DIRECTIONS:
Leaving out pictures, output exactly the lines below from the one that has "விஜய் வருகையால் சிங்கப்பூர்" through the one that has "材料合成方式:可在合成-特戒面板中合成斩杀特戒", and nothing else.

MATERIAL TO PROCESS:
- - -
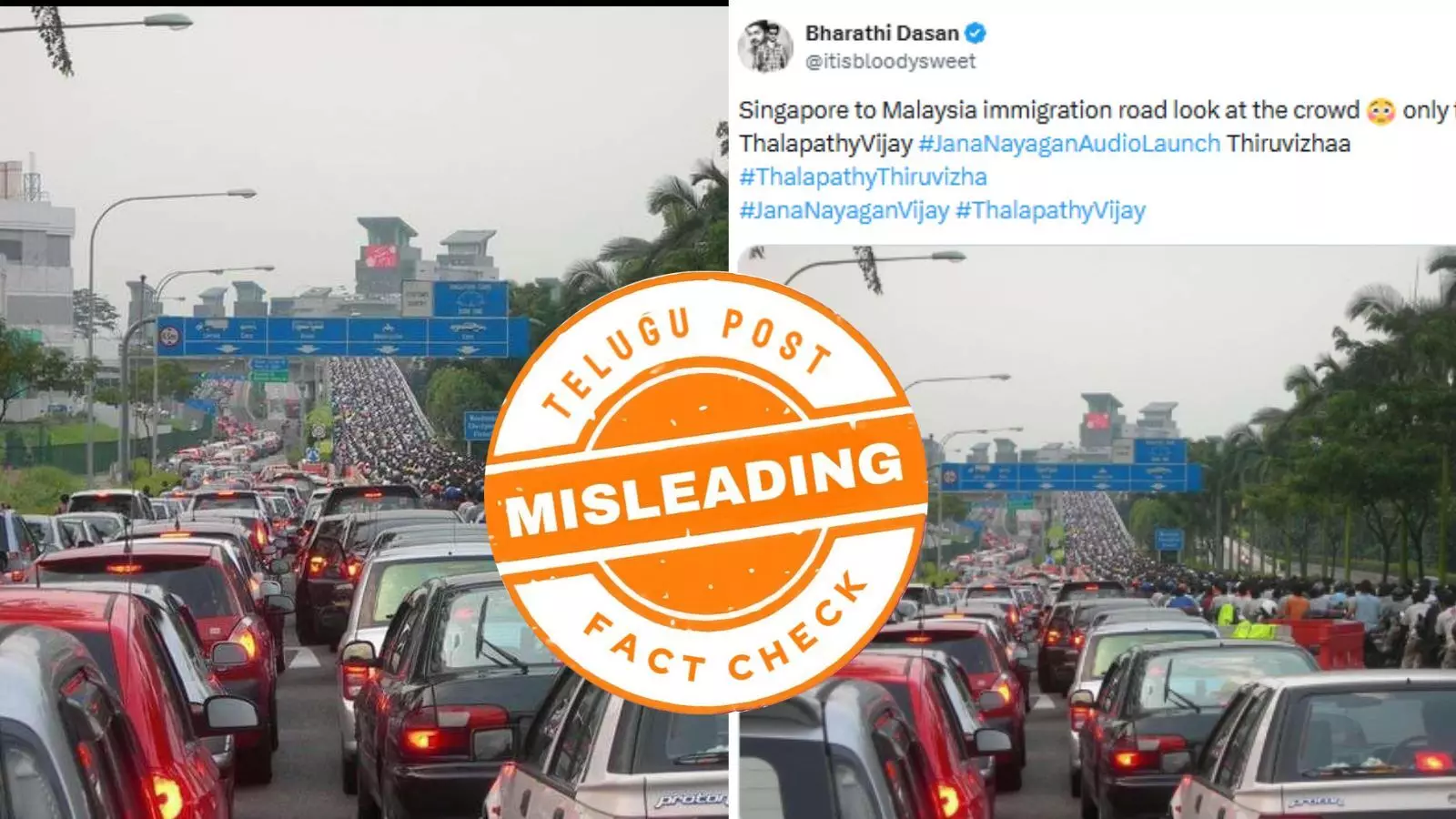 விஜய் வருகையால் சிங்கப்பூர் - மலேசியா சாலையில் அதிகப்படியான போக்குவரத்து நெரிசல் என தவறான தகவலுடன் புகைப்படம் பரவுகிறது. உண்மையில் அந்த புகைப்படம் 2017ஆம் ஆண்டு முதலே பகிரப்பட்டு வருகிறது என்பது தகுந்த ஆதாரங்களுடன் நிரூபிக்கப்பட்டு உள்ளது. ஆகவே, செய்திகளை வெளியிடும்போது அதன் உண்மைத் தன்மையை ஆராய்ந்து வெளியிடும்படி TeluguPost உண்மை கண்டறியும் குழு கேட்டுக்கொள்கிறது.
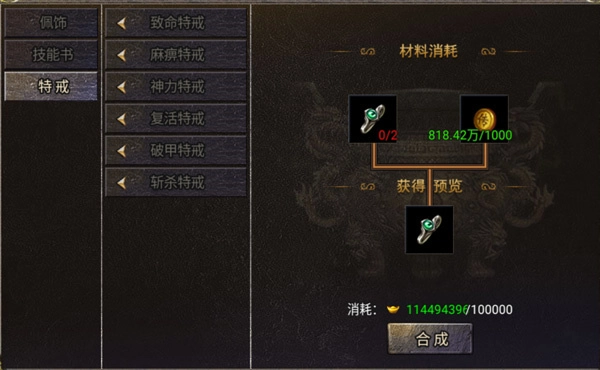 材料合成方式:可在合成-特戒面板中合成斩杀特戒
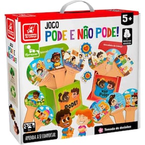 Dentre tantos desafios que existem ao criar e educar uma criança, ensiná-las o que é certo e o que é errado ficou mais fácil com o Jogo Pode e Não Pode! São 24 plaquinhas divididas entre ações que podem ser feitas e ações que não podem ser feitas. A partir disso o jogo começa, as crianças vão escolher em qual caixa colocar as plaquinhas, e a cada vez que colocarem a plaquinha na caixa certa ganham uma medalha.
- - -
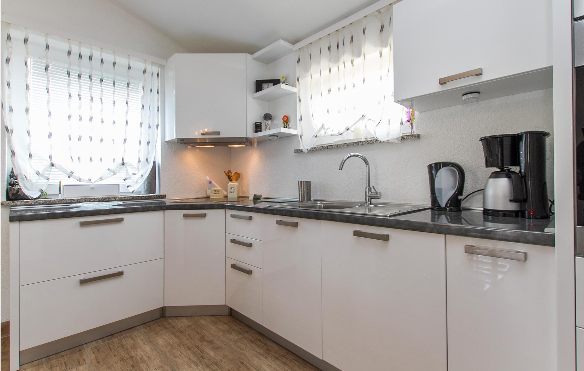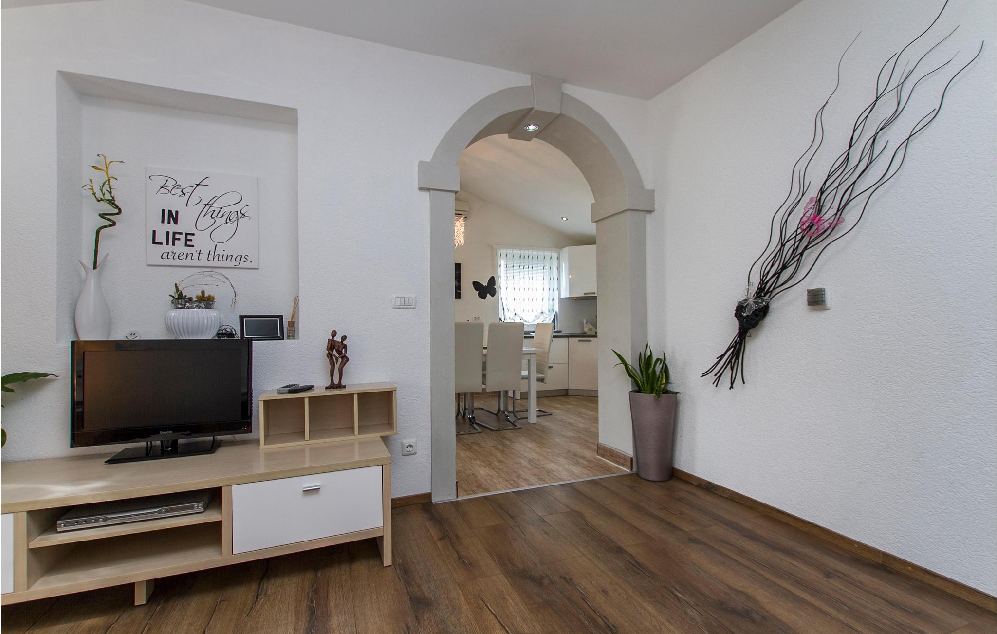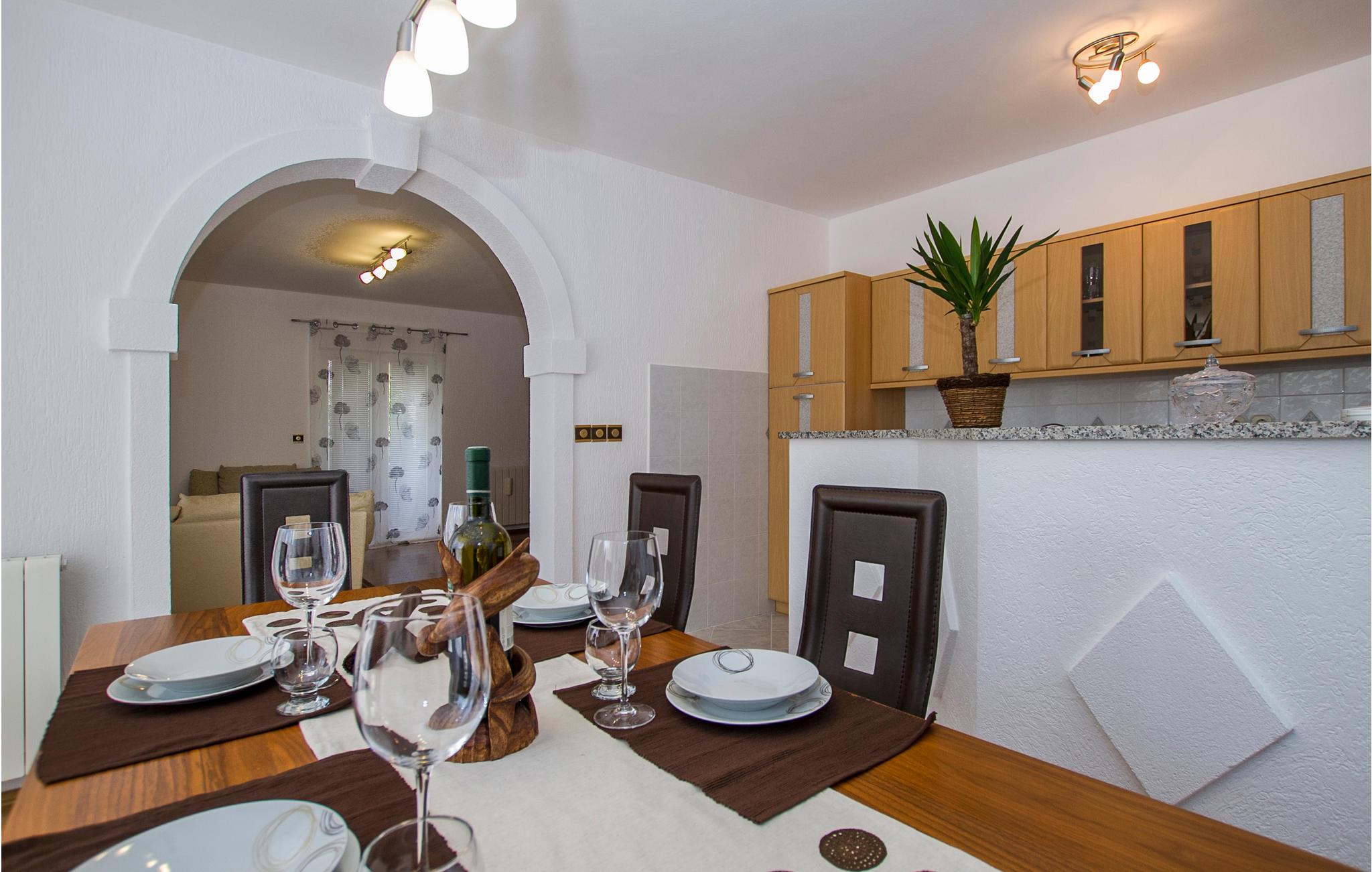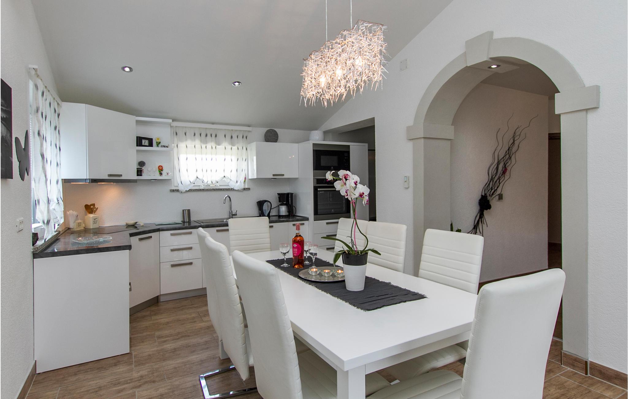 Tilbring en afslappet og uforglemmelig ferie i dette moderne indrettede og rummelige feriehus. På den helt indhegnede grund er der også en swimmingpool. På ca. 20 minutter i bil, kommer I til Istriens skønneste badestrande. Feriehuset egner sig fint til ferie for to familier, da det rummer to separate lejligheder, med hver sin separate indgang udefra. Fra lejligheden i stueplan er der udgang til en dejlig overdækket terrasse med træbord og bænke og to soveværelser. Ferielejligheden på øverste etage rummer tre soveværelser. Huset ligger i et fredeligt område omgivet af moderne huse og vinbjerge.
- - -
FINAL ANSWER:
 விஜய் வருகையால் சிங்கப்பூர் - மலேசியா சாலையில் அதிகப்படியான போக்குவரத்து நெரிசல் என தவறான தகவலுடன் புகைப்படம் பரவுகிறது. உண்மையில் அந்த புகைப்படம் 2017ஆம் ஆண்டு முதலே பகிரப்பட்டு வருகிறது என்பது தகுந்த ஆதாரங்களுடன் நிரூபிக்கப்பட்டு உள்ளது. ஆகவே, செய்திகளை வெளியிடும்போது அதன் உண்மைத் தன்மையை ஆராய்ந்து வெளியிடும்படி TeluguPost உண்மை கண்டறியும் குழு கேட்டுக்கொள்கிறது.
 材料合成方式:可在合成-特戒面板中合成斩杀特戒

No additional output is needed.